(GIVEN DATA begins)

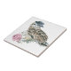 This design features a watercolor portrait of an owl posing in a hat and pink roses.
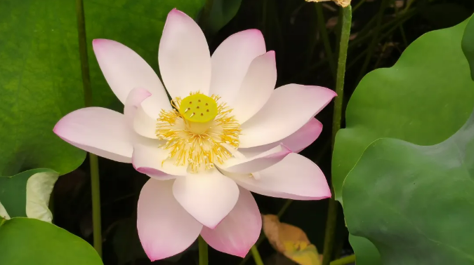 粉嫩的荷花亭亭玉立于層疊的綠葉之間,有重瓣的,有單瓣的,微風(fēng)拂過(guò),不僅攜來(lái)縷縷清新的荷香,還撩動(dòng)水面,露出小小的蓮蓬,陽(yáng)光斜照,為蓮花增添了一份光環(huán)。
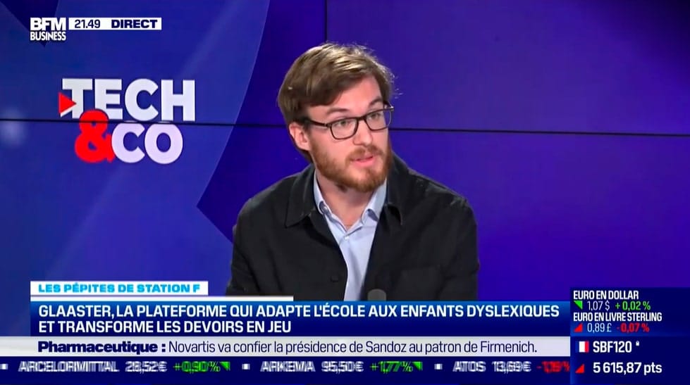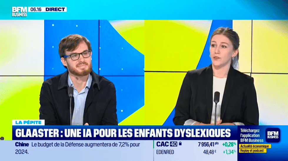 Ce lundi 20 février, Antoine Auzimour, cofondateur de Glaaster, et Sidney Gydé, game designer chez Mila, ont proposé des solutions technologiques contre la dyslexie, dans l'émission Tech & Co présentée par François Sorel. Tech & Co est à voir ou écouter du lundi au jeudi sur BFM Business.
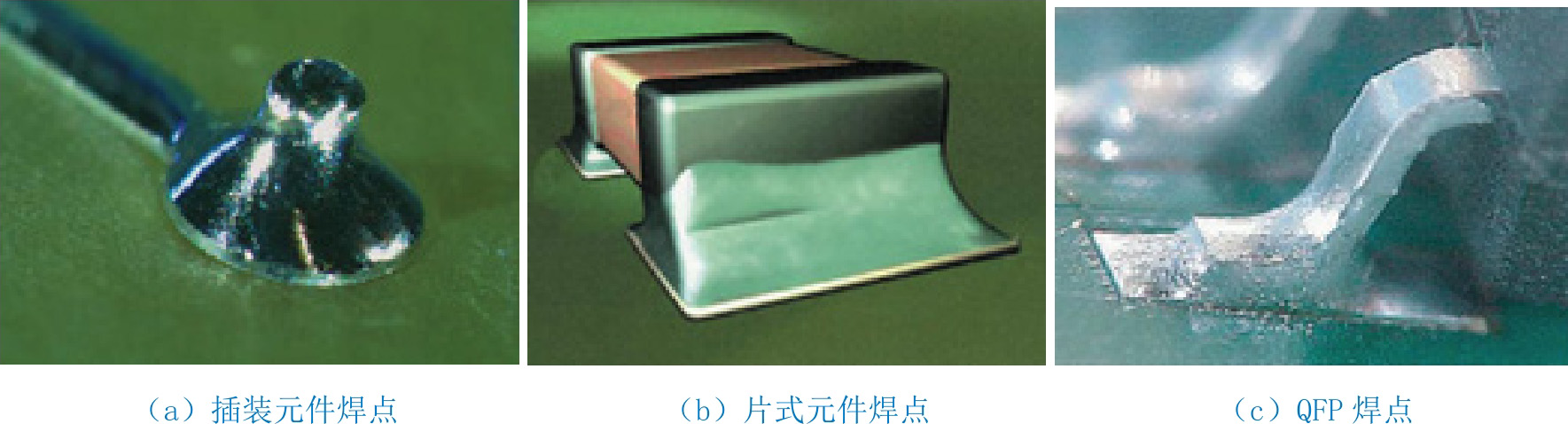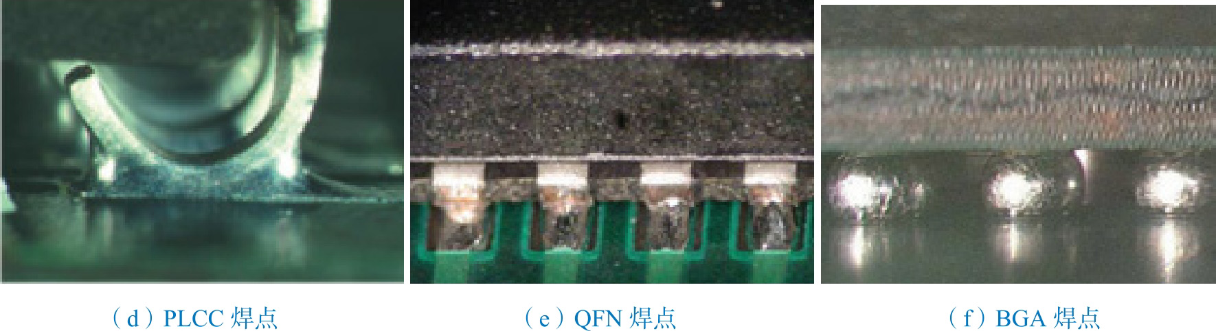 电子元器件的封装有很多类别,不同的封装其焊端或引脚的结构不同,因而焊点的形态也不同,如图1-1所示。不同形态的焊点,因印制电路板组件(Print Circuit Board Assembly,PCBA)在温度变化时受到的应力轴数与大小不同,其疲劳开裂的起始点以及裂纹形貌特征也不同。裂纹形貌特征(指切片图反映的形貌)是分析焊点开裂原因的重要判据之一,将在后面两章中详细讨论。
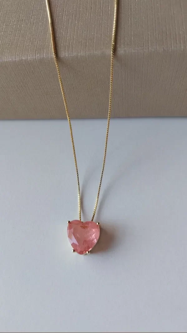 Conjunto corazón rosado laminado en oro 18k 45cm
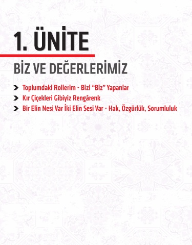 1. ÜNİTE BİZ VE DEĞERLERİMİZ Toplumdaki Rollerim - Bizi “Biz” Yapanlar Kır Çiçekleri Gibiyiz Rengârenk Bir Elin Nesi Var İki Elin Sesi Var - Hak, Özgürlük, Sorumluluk

(GIVEN DATA ends)

From the line that contains "粉嫩的荷花亭亭玉立于層疊的綠" to the end of the material above, output every line exactly, both ends included, but leave out any pictures.

◆ OUTPUT OF THE TASK
 粉嫩的荷花亭亭玉立于層疊的綠葉之間,有重瓣的,有單瓣的,微風(fēng)拂過(guò),不僅攜來(lái)縷縷清新的荷香,還撩動(dòng)水面,露出小小的蓮蓬,陽(yáng)光斜照,為蓮花增添了一份光環(huán)。
 Ce lundi 20 février, Antoine Auzimour, cofondateur de Glaaster, et Sidney Gydé, game designer chez Mila, ont proposé des solutions technologiques contre la dyslexie, dans l'émission Tech & Co présentée par François Sorel. Tech & Co est à voir ou écouter du lundi au jeudi sur BFM Business.
 电子元器件的封装有很多类别,不同的封装其焊端或引脚的结构不同,因而焊点的形态也不同,如图1-1所示。不同形态的焊点,因印制电路板组件(Print Circuit Board Assembly,PCBA)在温度变化时受到的应力轴数与大小不同,其疲劳开裂的起始点以及裂纹形貌特征也不同。裂纹形貌特征(指切片图反映的形貌)是分析焊点开裂原因的重要判据之一,将在后面两章中详细讨论。
 Conjunto corazón rosado laminado en oro 18k 45cm
 1. ÜNİTE BİZ VE DEĞERLERİMİZ Toplumdaki Rollerim - Bizi “Biz” Yapanlar Kır Çiçekleri Gibiyiz Rengârenk Bir Elin Nesi Var İki Elin Sesi Var - Hak, Özgürlük, Sorumluluk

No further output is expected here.